Oklahoma Asks Supreme Court to Push Through Long-Delayed Executions

Questions still surround Oklahoma’s execution protocols, including how staff are trained and where the drugs needed for lethal injections are sourced.

Oklahoma Asks Supreme Court to Push Through Long-Delayed Executions

In response to a recent decision by the U.S. Court of Appeals for the 10th Circuit to temporarily block the upcoming executions of two Oklahoma prisoners, Oklahoma Attorney General John M. O’Connor will appeal the decision to the U.S. Supreme Court in hopes of resuming executions after several botched lethal injections derailed the state’s death penalty system six years ago, reports the Washington Post.  Oklahoma’s death penalty system attracted international attention after the botched executions of Clayton Lockett in 2014 and Charles Warner in 2015 and the nearly botched execution of Richard Glossip months after Warner.
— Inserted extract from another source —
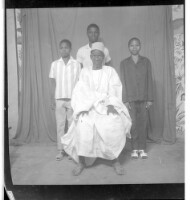 647. EAP449/2/29/647 Reference (shelfmark): EAP449/2/29/647 Title: A man wearing a boubou and hat sitting face-forward in front of three boys wearing shirts and pants standing face-forward in the studio. Collection Area: Endangered Archives Programme Languages: Not applicable Date Range: 2nd half od the 20th century Extent: 1 TIFF image
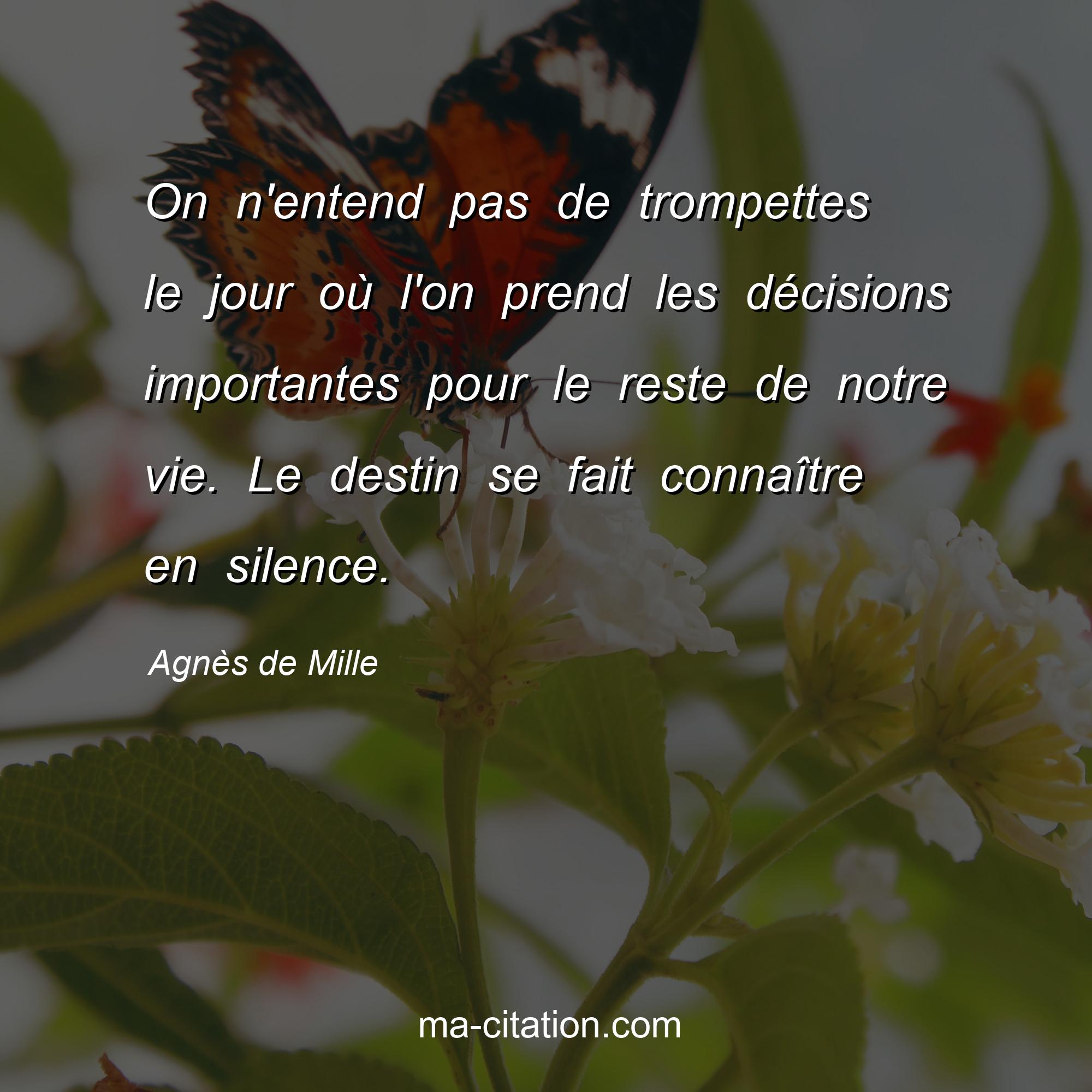 Agnès de Mille est l'auteur de la citation sur la vie "On n'entend pas de trompettes le jour où l'on prend les décisions importantes pour le reste de notre vie. Le destin se fait connaître en silence.".

Glossip’s lethal injection was called off at the last minute after Department of Corrections officials realized that they had the wrong drugs.

Deborah W. Denno, a Fordham University law professor who studies the death penalty, said states such as Oklahoma have always shrouded their execution protocols in secrecy, including how they train staffers and where they sources lethal drugs. The Oklahoma Department of Corrections addressed lapses with training for executions “to ensure what happened in the past won’t happen again,” lawyers for the state said during a 2020 court hearing.